In another example, we found troubling instances of potentially excessive quantities of zolpidem, which has been used as a date rape drug. One person received a 1,545 days’ supply of zolpidem from five different prescribers in a single year. Currently, OHA cannot share this data with law enforcement.

Using PDMP data, our audit team found numerous instances of potential “doctor shopping,” which occurs when a patient receives controlled substance prescriptions from multiple healthcare prescribers without the prescribers’ knowledge of the other prescriptions.

During the three-year period our team examined, the average person received controlled substance prescriptions from two different prescribers and filled their prescriptions at two different pharmacies. Shockingly, the audit identified 148 people who received controlled substance prescriptions from 30 or more different prescribers and filled their prescriptions at 15 or more pharmacies within our three-year time frame. In one of the most egregious cases, the person had 32 opioid prescriptions paid for by Medicaid. PDMP changes can help prevent this.

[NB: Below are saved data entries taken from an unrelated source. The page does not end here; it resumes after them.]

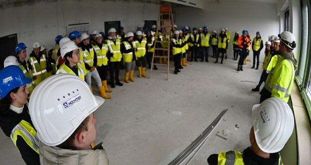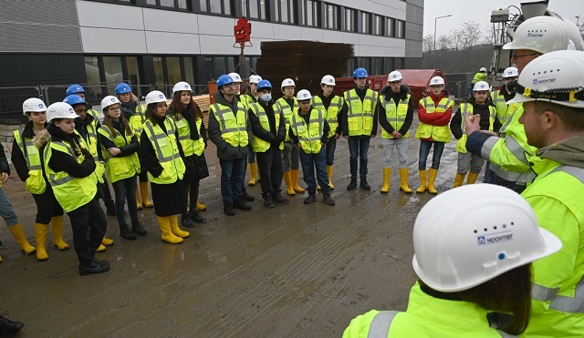 So begaben sie sich im Rahmen des Projekts „Dialog mit der Jugend“ der Stiftung TalentMetropole und des Initiativkreises Ruhrgebiet mit dem Bus auf den Weg nach Duisburg. Dort wurden sie von Vertretern des international agierenden Bauunternehmens HOCHTIEF AG und der Organisation des Initiativkreises Ruhrgebiet in Empfang genommen, um sich dort eine Großbaustelle anzuschauen.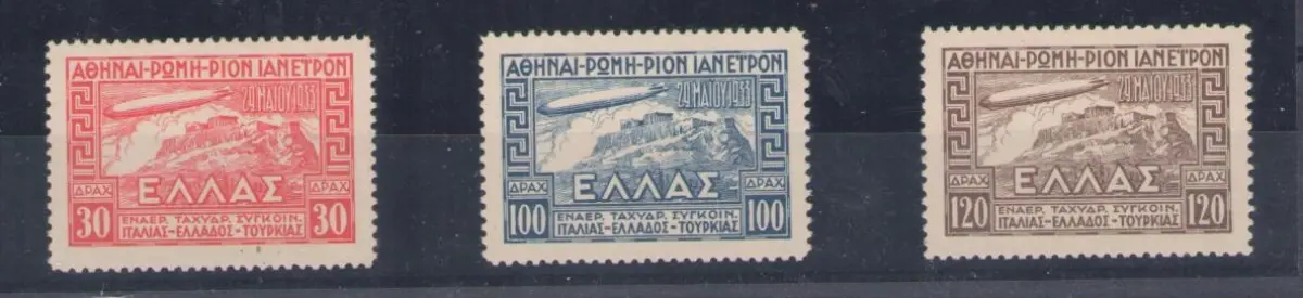 1933 Griechenland - Griechenland, Luftpost - Graf Zeppelin Rom - Rio de Janeiro - Yvert Nr. 5/7 - MNH ** Zertifikat Blond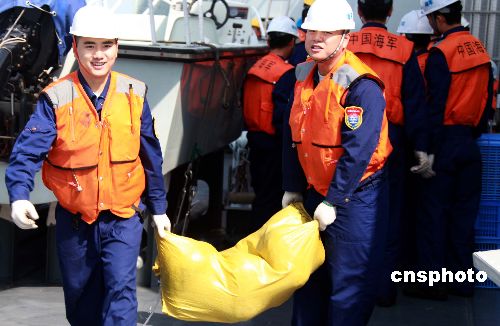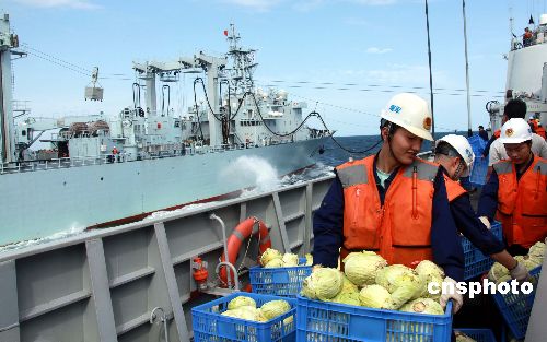 春節(jié)前夕,中國海軍艦艇編隊“海口”號導(dǎo)彈驅(qū)逐艦與“微山湖”號綜合補(bǔ)給艦完成一次海上補(bǔ)給,圖為“海口”艦官兵搬運補(bǔ)給到艦上的“年貨”。中新社發(fā) 孫自法 攝

Another area of significant concern is that some types of pharmacies are excluded from the PDMP altogether. Over the course of one month, an individual was prescribed 354 tablets of oxycodone and 171 tablets of clonazepam by three different doctors. Because some of these prescriptions were filled at exempt pharmacies, they were not included in the patient’s PDMP prescription history.

There are many other disturbing findings in this audit. Oregon can and must do better.

Many opioid deaths are preventable. This audit provides a roadmap of solutions to help save lives.